九条のファイルには、人が人を食べている写真だ。

「無能力者の謎の捕食活動および超人的な肉体再生――限定的かつ不完全な覚醒衝動能力。まるで、幻想御手事件のようですわ」

「相手が超人だから、智泉の暴走の対応に遅れても事なきを得ているがな」

「すみません・・・」

「お前、さっきからすみませんしか言ってないぞ」と運転する浜面「お前だけのせいじゃないだろう?自分をいちいち責めんなっての」

「!」

「彼の言う通り」と白井「あなたのおかげで赤字寸前のteamⅩが運営出来ているのです。その自覚を持ちなさい」

「・・・」

「良かったな~、智泉」と九条「こいつのデレは滅多にないぞ。俺もベッドの上でしか聞いたことがない」

「ッ///・・・・余計なこと言わないでくださいましッ!!///」

「・・・この事件、それ以上に不可解なのは、被害者の体に覚醒衝動の痕跡が全く残っていないという事だ」九条がカルテと写真を交互に見て、眉をひそめる「一体、何がどうなってんだか・・・・」

そのとき、粒子のようなものが窓の隙間から入ってきて、人を形作った。

「そのことだが・・・面白い情報を手に入れた」

「黎斗さん」

「檀黎斗神だ!!・・・九条貴利矢、ファウストを知っているか?」

「確か、暗部組織の一つだったよな?ある実験での成功を機に、木原一族に追いつかんとばかりに着々と力をつけてきているとか」

「その実験だ・・・ネビュラガス。
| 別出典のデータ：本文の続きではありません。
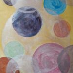Obraz Doroty Ratajczak. Inspiracją były bańki oglądane w czasie dziecięcej zabawy w promieniach słońca. Obraz niezwykle radosny, z kilkoma przenikającymi się planami. Akryl na płótnie. Boki obrazu są pomalowane kolorem białym.

聞いたことあるだろう?」

「!・・・そうか、それがあった!!」

タブレットを操作し、それを立体化させる。

「これは・・・拳銃?」

「トランスチームガンと呼ばれるものだ」と黎斗神がにたりと笑った「これから散布される霧には、人を怪物に、あるいは、超人的な力を与える力があるらしい」

「怪物・・・!?」

「ハザードレベル2」と貴利矢「これに達した者がガスを注入すると、そうなるらしい」

「捕食衝動は、その毒による副作用ってわけか」と浜面。

「確証は、ないがな・・・とはいえ、その霧は、有害。下手すれば、死者を出しかねない」

貴利矢がタブレットをしまった。